73 Paragonabile all’approccio community based land ressources management promosso in molti Paesi in

via di sviluppo in questo decennio, Per approfondimenti sul funzionamento dei progetti “community based” vedere i casi di studio analizzati dall’IIED nel 2004 nel report “Decentralisation and community based

planning”:https://books.google.it/books?id=GUBa86pA4LEC&printsec=frontcover&hl=it#v=onepage&

centralizzato da parte dello Stato su tali risorse, dal momento che le comunità dovevano rispondere delle loro azioni di fronte ad agenti forestali tecnicamente responsabili di una pianificazione territoriale che restava centralizzata.

Facendo riferimento al funzionalmento del Programme National de Gestion des Terroirs (PNGT) in Burkina Faso, Butterbury (1998) metteva poi in evidenza come l’approccio comunitario allo sviluppo rurale fosse di fatto gestito dall’”alto”, nonostante l’enfasi continuasse a essere posta sulla partecipazione del contesto locale.

L’assunto che l’empowerement delle comunità rurali potesse non solo essere vantaggioso per una migliore gestione delle risorse naturali, ma anche stimolare processi di partecipazione dal basso, responsabilizzando le comunità rurali e coinvolgendole nella progettazione allo sviluppo, risultava poco valido. Sulla base di studi empirici come quello di Engberg-Pedersen (1995) si criticava la limitata considerazione nei PNGT delle dinamiche politico-sociali locali su cui si fondavano i regimi “consuetudinari”. Scriveva Engberg-Pedersen: «l’effettiva partecipazione diventa illusoria se non si prendono in considerazione le esigenze e gli interessi dei diversi gruppi interni alle comunità di villaggio» (1995, 24).

Vari autori (Gray 2002, Hodgson et Schroeder 2002, Giles Vernick 1999, Metcalfe 1994) analizzarono come le tecniche di delimitazione delle risorse alimentassero processi di esclusione ai danni soprattuttto di individui e di popolazioni più marginali all’interno delle “comunità”, di cui si decantava l’armoniosità e la condivisione di interessi. Inoltre, come sottolineava Tornimbeni: «rimaneva da definire cos’erano e quali erano i contorni di queste comunità » (2010, 112).
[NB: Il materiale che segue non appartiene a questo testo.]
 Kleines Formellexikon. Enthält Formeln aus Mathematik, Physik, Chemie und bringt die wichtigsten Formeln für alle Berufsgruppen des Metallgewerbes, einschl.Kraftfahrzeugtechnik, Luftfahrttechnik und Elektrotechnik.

I membri delle commissioni create per promuovere una migliore gestione delle risorse naturali non erano eletti democraticamente e non agivano seguendo meccanismi decisionali effettivamente inclusivi. La democratizzazione delle istituzioni locali, sosteneva Engberg-Pedersen (1995), necessitava di un tempo più lungo rispetto a quello previsto dall’approccio “progetto” di tali programmi. La gestione dell’ambito fondiario sulla base di un meccanismo democratico di selezione dei membri delle commissioni fondiarie non era poi facilmente perseguibile in contesti che avevano vissuto l’alternanza di regimi militari e civili e in cui il concetto di democrazia era stato fuorviato dai turbolenti eventi politici verificatisi nella regione a partire dagli anni ‘70.
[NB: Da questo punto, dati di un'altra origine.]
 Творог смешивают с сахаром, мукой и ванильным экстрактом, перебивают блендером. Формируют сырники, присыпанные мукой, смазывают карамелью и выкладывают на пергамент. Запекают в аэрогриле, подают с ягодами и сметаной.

L’enfasi posta in questo periodo dai programmi di sviluppo sulla necessità di “responsabilizzare” in particolare le autorità consuetudinarie per garantire una gestione locale partecipativa delle risorse naturali si scontrava poi con la necessità di rafforzare i meccanismi decisionali democratici. Il vero dibattito, seppur spesso non esplicitato, rimaneva legato alla necessità di trasferire il potere alla popolazione rurale tramite rappresentanti democraticamente eletti e di passare quindi da meccanismi di deconcentramento delle decisioni ad una gestione decentrata del territorio. Bisognava poi garantire l’accountability di tali rappresentanti nei confronti della popolazione rurale, evitando discriminazioni legate al genere, alla classe d’età, alla religione e all’autoctonia.